SportoweBeskidy.pl: W minioną sobotę pokonaliście niepokonany wcześniej zespół z Katowic 7:1 odnosząc zarazem czwarte zwycięstwo w czwartym meczu. Twoje subiektywne odczucia po spotkaniu z „akademikami”?
Łukasz Biel:
Po raz kolejny pokazaliśmy naszą siłę. W meczu kolejki pokonaliśmy przeciwnika 7:1, wynik dużo mówi o tym spotkaniu. Nie pozwoliliśmy rywalom na zbyt wiele, nie rozwinęli w naszej hali skrzydeł. Sporo pracy miał ich bramkarza, co świadczy o naszym ofensywnym nastawieniu, o grze wysokim pressingiem. Co ważne, wszyscy zawodnicy mieli wkład w końcowy wynik.

SportoweBeskidy.pl: Wasze dotychczasowe mecze miały podobny przebieg. Po bardzo dobrych pierwszych połowa, w których zdobywaliście po kilka bramek, po przerwach nie byliście już tak pazerni na gole...
Ł.B.:
W pierwszych połowach ustawialiśmy sobie mecze. Przy wysokim prowadzeniu mogliśmy sobie pozwolić na nieco inną grę, na zmiany w wyjściowych czwórkach. Trener dawał pograć młodym zawodnikom, czasami do czwórki wskakiwało dwóch chłopaków spoza niej, co miało wpływ na wzajemne zrozumienie się na boisku. Młodzież potrzebuje jednak ogrania. Kamil Surmiak, Szymon Cichy i Tomasz Gąsior łączą grę w futsal i piłkę nożną. Cała trójka ma predyspozycje do gry w hali, notuje dobre wyjście do zespołu.

SportoweBeskidy.pl: Za nami tylko cztery kolejki, ale zaryzykuje stwierdzenie, że już teraz można wskazać murowanych kandydatów do mistrzostwa. Kandydatów jest dwóch. Zgodzisz się z taką tezą?
Ł.B.:
Na czele tabeli jesteśmy my, pod nami Gatta Zduńska Wola. Rozpoczęliśmy z wysokiego „C”, nie ukrywamy naszych aspiracji, mamy mocny skład. W Zduńskiej Woli również myślą o mistrzostwie, ale na koronację jest za wcześnie. Przed nami sporo meczów, m.in. dwa pojedynki z Gatta, dwa z Pogonią Szczecin.

SportoweBeskidy.pl: W czterech meczach zdobyliście 27 bramek, 5 straciliście. W obu przypadkach jest to najlepszy wynik w stawce. Wasza siłą jest...?
Ł.B.:
Gra w defensywie, której dużo uwagi poświęcamy podczas treningów. Okres startowy się rozpoczął, natomiast ciągle pracujmy nad poprawą naszych parametrów fizycznych. Z dobrej gry w defensywie, z wysokiego pressingu, bierze się dobra gra w ofensywie. Niewątpliwie mamy w ataku duży potencjał, co pokazały mecze ligowe. W sparingach również prezentowaliśmy się dobrze, również wygrywaliśmy wysoko.

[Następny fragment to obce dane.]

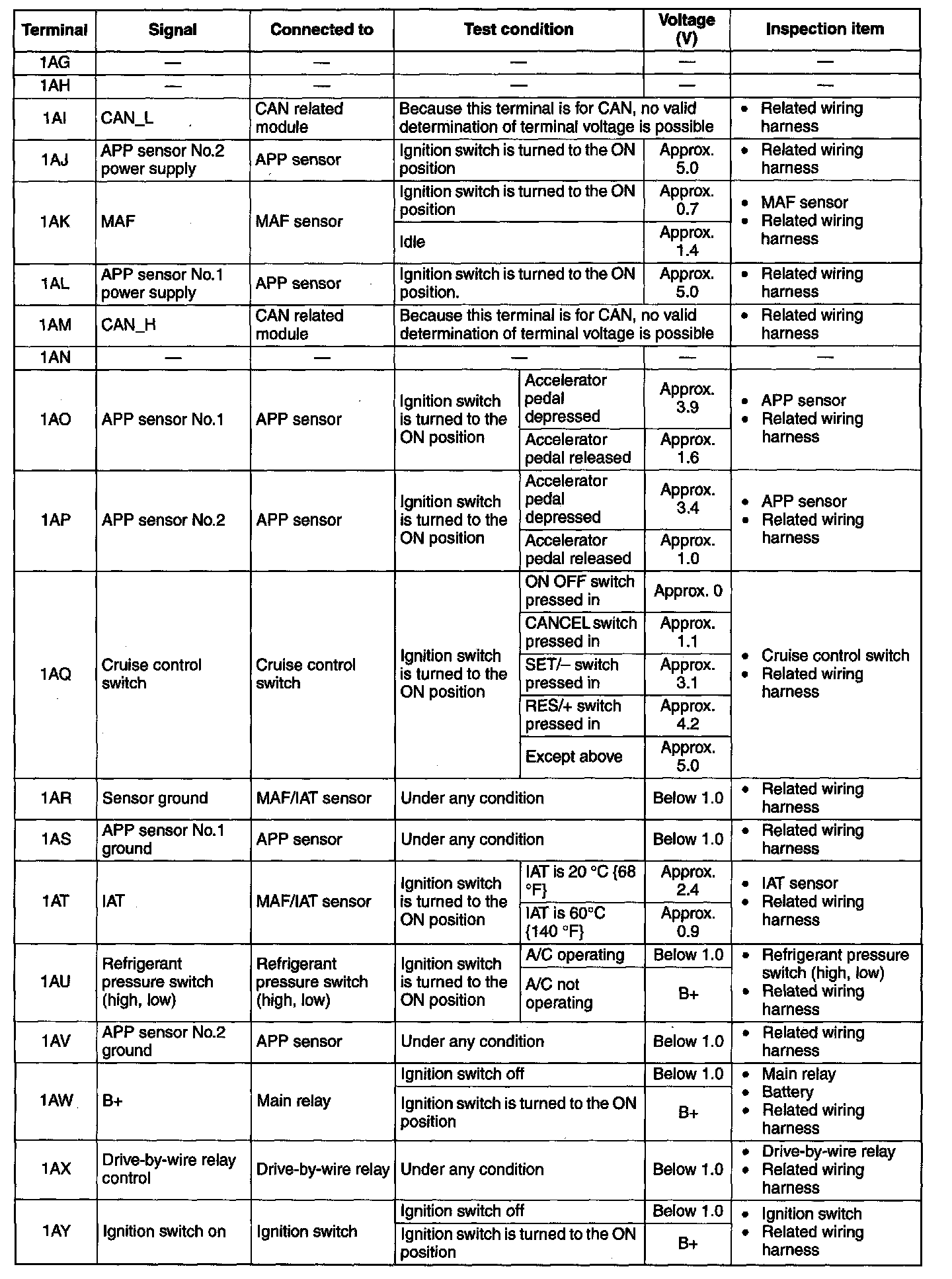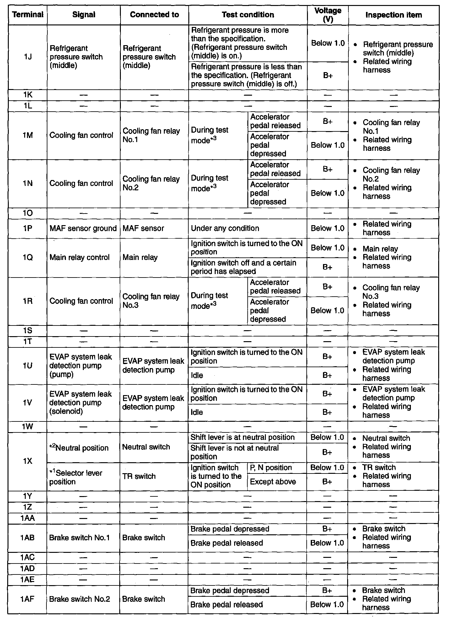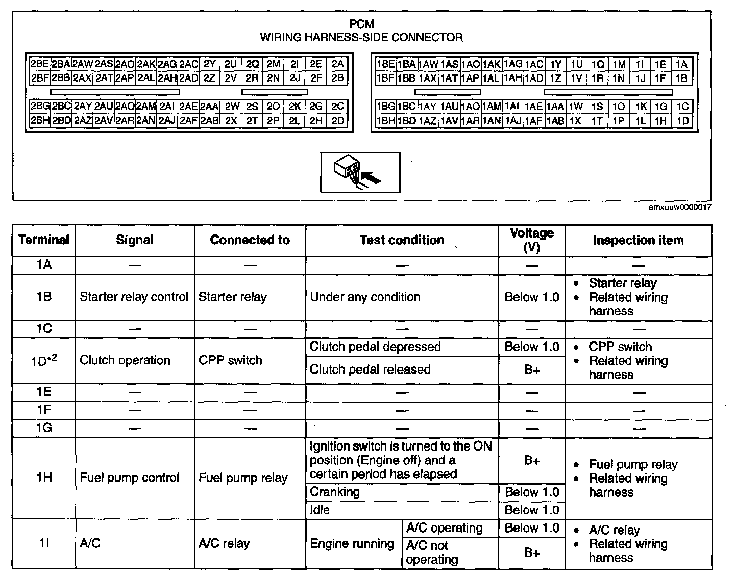 NOTE: The PCM terminal voltage can vary with the conditions when measuring and changes due to aged deterioration on the vehicle, causing false diagnosis. Therefore determine comprehensively where the malfunction occurs among the input systems, output systems, and the PCM.

SportoweBeskidy.pl: Na swoim koncie masz występy z orłem na piersi. Myślisz o powrocie do reprezentacji?
Ł.B.:
Przede wszystkim ugruntowałem swoją pozycję w Rekordzie. Gdy postawiłem na futsal kosztem gry na boisku, w zespole była duża rywalizacja. W poprzednim sezonie byłem wypożyczony do Gwiazdy Ruda Śląska. Okres tam spędzony dużo mi dał, dużo grałem, a w Rekordzie przed wypożyczeniem zdecydowanie mniej. Zyskałem pewność siebie, doświadczenie i podniosłem poziom swoich umiejętności. Powołanie do reprezentacji? Oczywiście, że chciałbym wrócić do kadry. Jeśli będę dobrze się prezentował, zdobywał gole, notował asysty, to być może otrzymam powołanie.

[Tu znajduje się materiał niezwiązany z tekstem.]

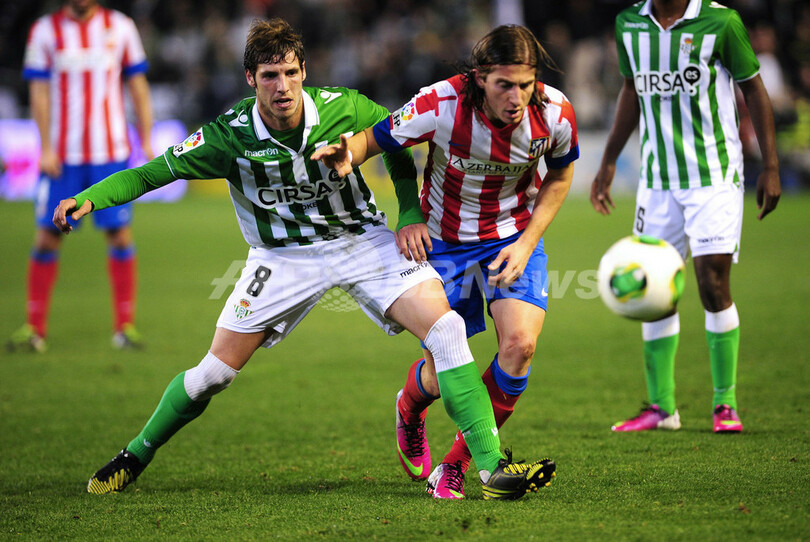 レアル・ベティスのルベン・ペレス (Ruben Perez、左)とボールを競るアトレティコ・マドリードのフィリペ・ルイス・カスミルスキ(Filipe Luis Kasmirski、2013年1月24日撮影)。(c)AFP/CRISTINA QUICLER
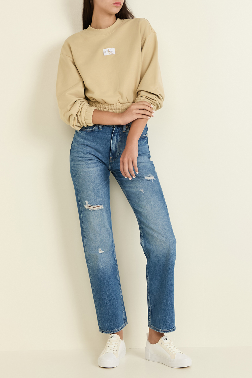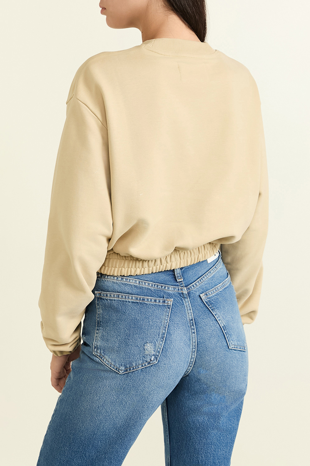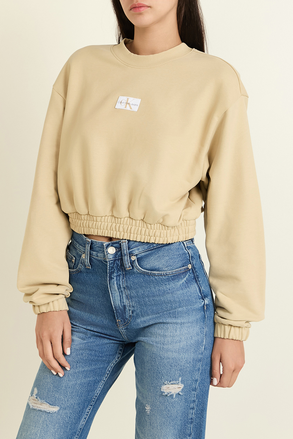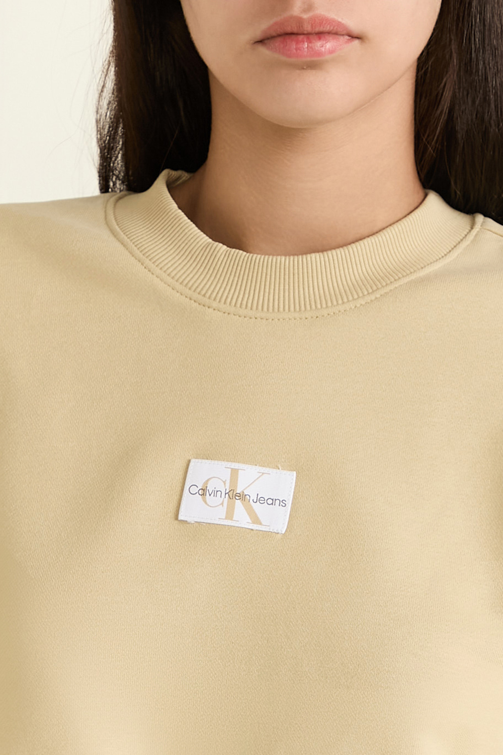 סווטשירט קרופ מבית Calvin Klein, בצבע בז' עשוי כותנת פרנץ' טרי מחודשת - הגדלה בשיטות חקלאות המבקשות לשפר את בריאות הקרקע והמים. לסווטשירט צווארון ריב בשילוב פאץ' לוגו המותג במרכז, ובסיומת גומי רחבה.
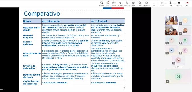 Ambas actividades tuvieron como objetivo fortalecer el conocimiento técnico y normativo de los/as participantes respecto de los nuevos criterios aplicables al cálculo de cotizaciones previsionales adeudadas, considerando los reajustes e intereses que deben incorporarse en los procedimientos concursales de Reorganización y Liquidación. En particular, se abordó el impacto que esta metodología tiene en la determinación del monto de los créditos previsionales que las AFP y la AFC verifican en los concursos.
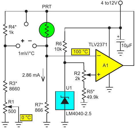 Figure 3. The 40 mV of positive feedback via R8 to reference U1 increases PRT excitation current with increasing temperature and thus linearizes the temperature reading, making the thermometer accurate to ±0.1 °C
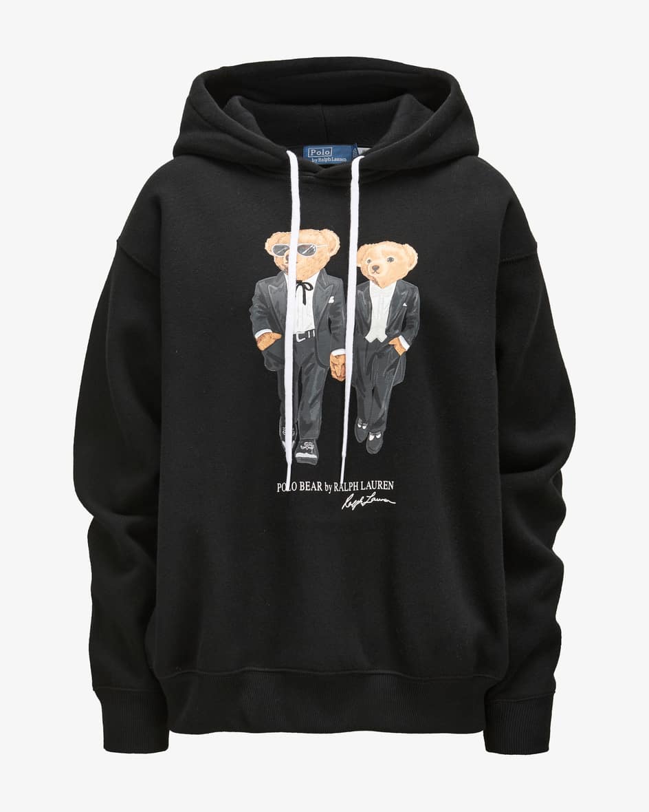 Hoodie für Damen von Polo Ralph Lauren in Schwarz, Hellbraun und Weiß. Eine Ikone des amerikanischen Lifestyles – sportlich, preppy, klassisch. Das Modell präsentiert sich dank der legeren Aufmachung als vielseitiger Begleiter, während der labeltypische und elegante Bären-Print mit raffinierten Stickerei-Details dem Gesamtbild das gewisse Etwas verleiht.

SportoweBeskidy.pl: Przed wami futsalowe „el clasico”, czyli pojedynek dwóch najbardziej zasłużonych dla polskiego futsalu klubów. Zmierzycie się z Cleareksem na jego terenie. Chorzowianie zanotowali przeciętny początek rozgrywek. Pojedziecie w roli faworyta?
Ł.B.: W kadrze Cleareksu jest wielu dobrych i doświadczonych zawodników, na którymi piecze sprawuje dobry trener. Marcin Waniczek ma duży wpływ na zespół. Myślę, że rywal, podobnie jak my, jest dobrze przygotowany do sezonu pod względem fizycznym. W poprzednich meczach potrafiliśmy zdominować rywali, w Chorzowie może być o to trudniej. Jestem jednak dobrej myśli, ponieważ poza wspomnianym przygotowaniem, jesteśmy mocni piłkarsko.

SportoweBeskidy.pl: Dziękuję za rozmowę.
Ł.B.: Również dziękuję.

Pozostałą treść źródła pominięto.